For the majority of the target model’s classes, the paper’s attack achieves high precision. This demonstrates that a membership inference attack can be trained with only black-box access to the target model, without any prior knowledge about the distribution of the target model’s training data if the attacker can efficiently generate inputs that are classified by the target model with high confidence.

# Factors and Defenses

# Factors for Success of membership inference

Based on the evaluation, this paper bring forward two factors for a success membership inference attack:

generalizability of the target model

diversity of its training data

If the model overfits and does not generalize well to inputs beyond its training data, or if the training data is not representative, the model leaks information about its training inputs.

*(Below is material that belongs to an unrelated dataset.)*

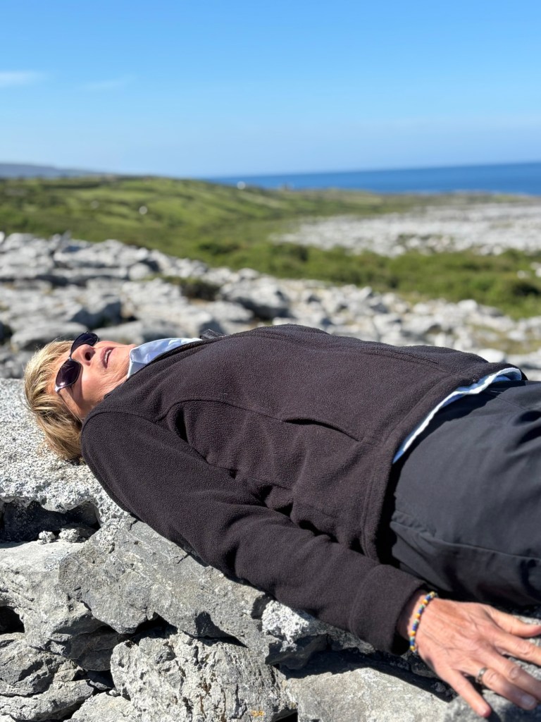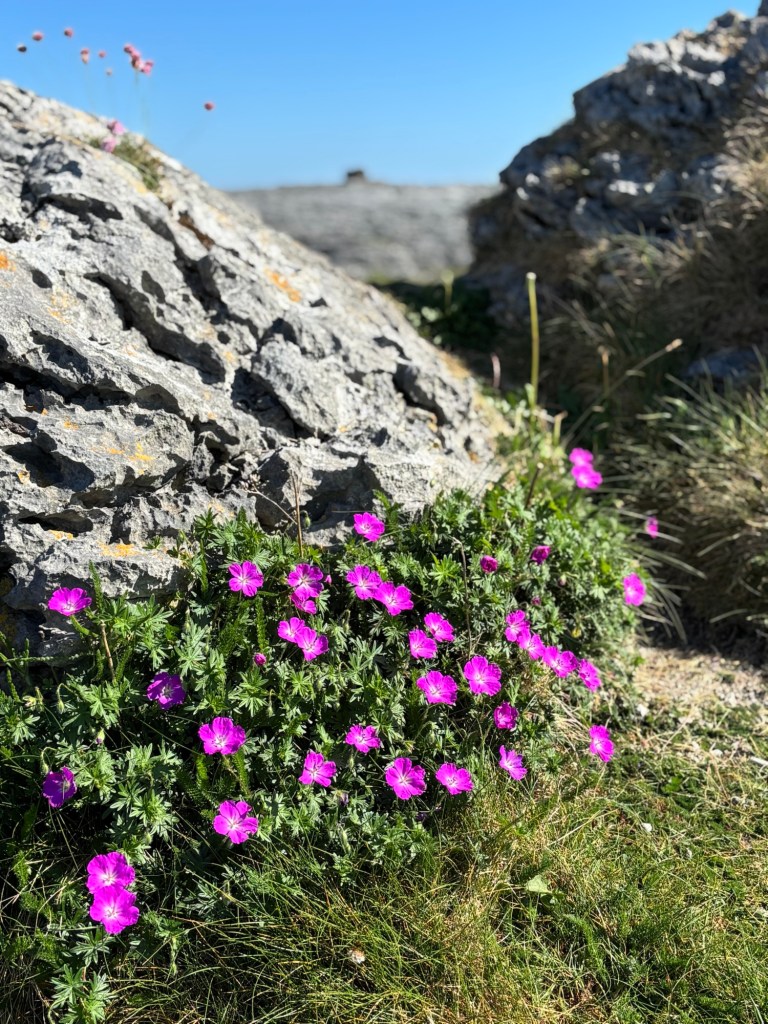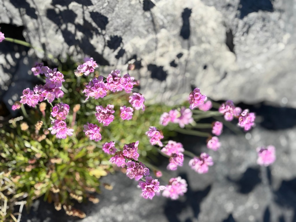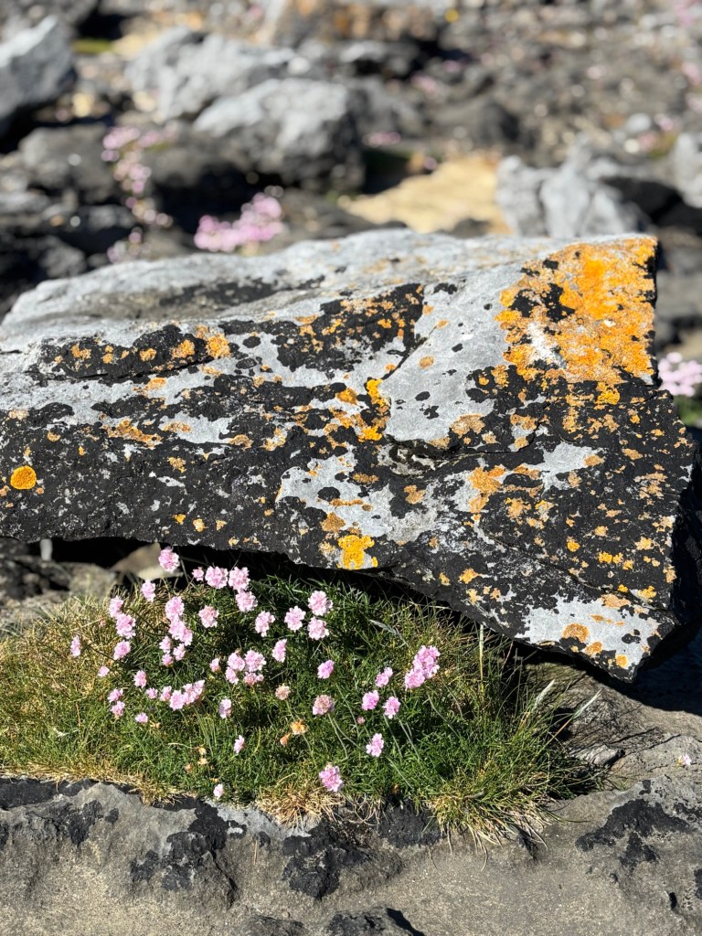 It’s anther 9 am departure from Lahinch to Doolin (a ferry departure spot for the Aran Islands) heading to the “Wild Atlantic Way” (a tourism trademark name). First stop is in the Burren region (a Natural Geo Park) where limestone rocks deposited during the ice age (361 million years ago) form a very unique landscape. Many wildflowers create a colorful patchwork.

This paper also point out that overfitting is not the only reason why our inference attacks work. Different machine learning models, due to their different structures, “remember” different amounts of information about their training datasets. This leads to different amounts of information leakage even if the models are overfitted to the same degree

# Mitigation strategies

This paper indicates some strategies of mintigate the membership interface of the models:

Restrict the prediction vector to top k classes.
Coarsen（变粗糙） precision of the prediction vector.
Increase entropy of the prediction vector.
Use regularization.

However, in this paper, they make evaluation about these mitigation strategies, and find that their attack method is still robust against these mitigation strategies

# Conclusion

This paper have designed, implemented, and evaluated the first membership inference attack against machine learning models, notably black-box models trained in the commerical deep learning APIs.

This paper’s key technical innovation is the shadow training tech- nique that trains an attack model to distinguish the target model’s outputs on members versus non-members of its train- ing dataset.

Membership in hospital-stay and other health-care datasets is sensitive from the privacy perspective. Therefore, this method may have substantial practical privacy implications.